Supplied data:

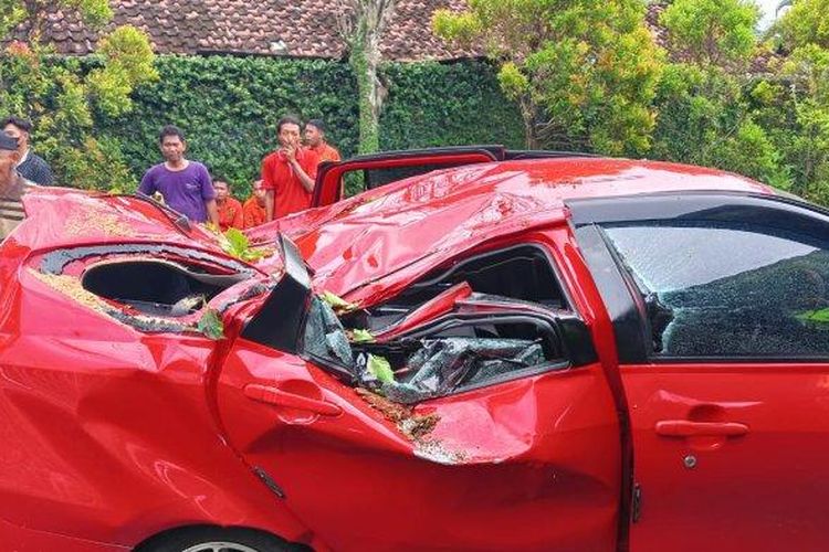 Sebuah Toyota Calya yang ditumpangi wisatawan asal Kebumen ringsek tertimpa pohon di Jalan Parangtritis, Yogyakarta.
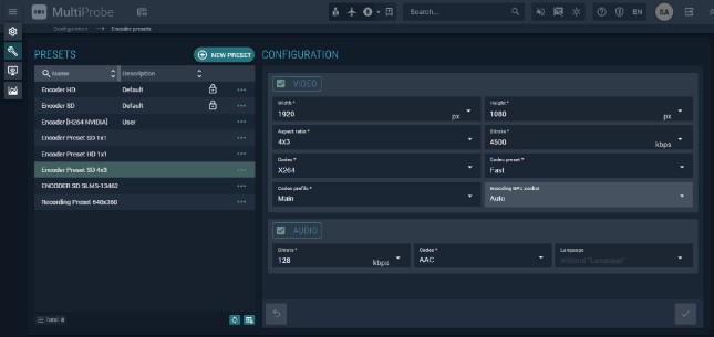 | Encoder preset | Encoder preset for signal transcoding. Select from the list or create a new one by clicking ![]() |
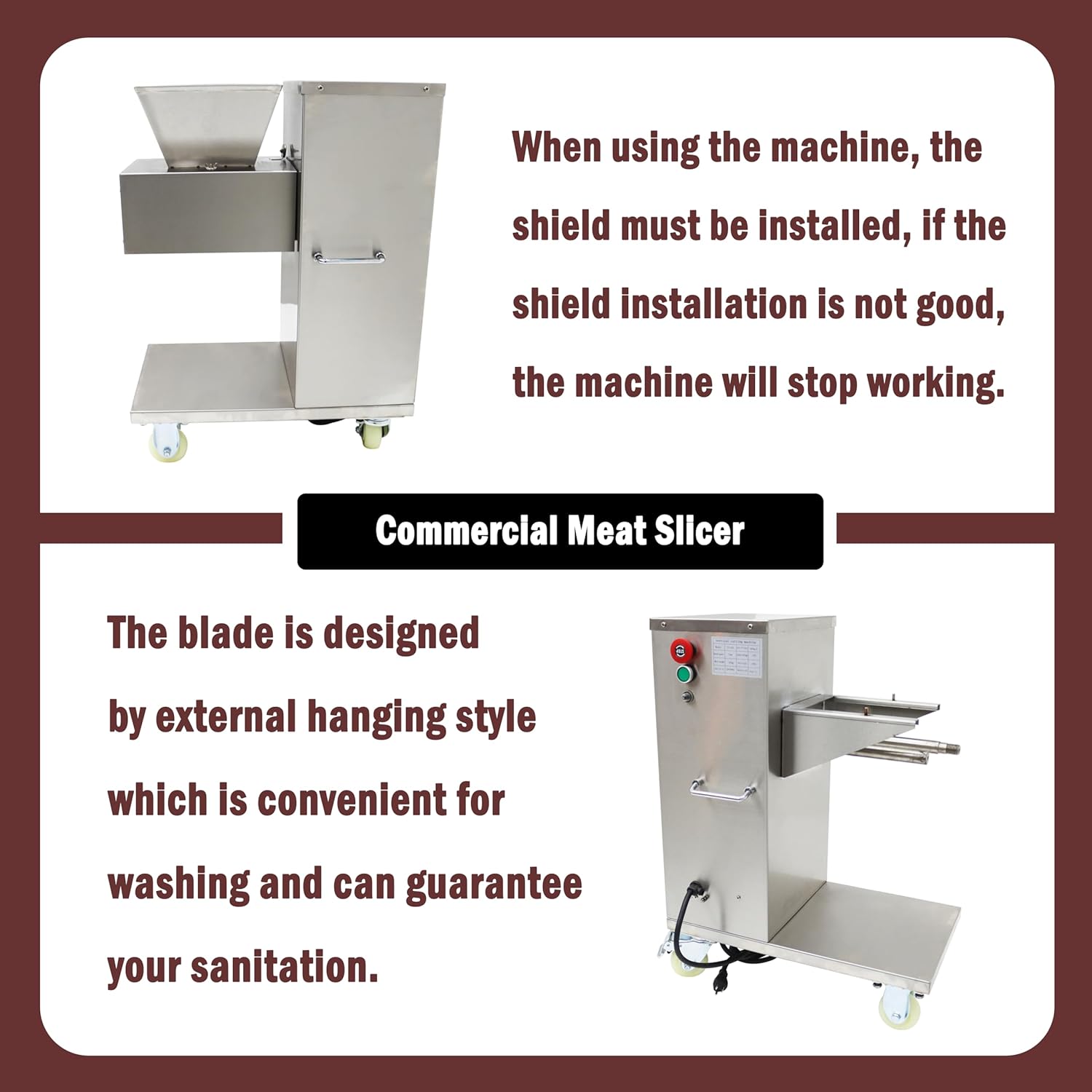 - [Widely used] This stainless steel commercial meat slicer is suitable for small catering and meat processing enterprises, kindergartens, and small canteens. It can be applied to all kinds of pork, beef, mutton and all kinds of pickles.

Exercise objective: Restate the material above word for word; pictures do not belong in the copy.

Exercise output:
 Sebuah Toyota Calya yang ditumpangi wisatawan asal Kebumen ringsek tertimpa pohon di Jalan Parangtritis, Yogyakarta.
 | Encoder preset | Encoder preset for signal transcoding. Select from the list or create a new one by clicking ![]() |
 - [Widely used] This stainless steel commercial meat slicer is suitable for small catering and meat processing enterprises, kindergartens, and small canteens. It can be applied to all kinds of pork, beef, mutton and all kinds of pickles.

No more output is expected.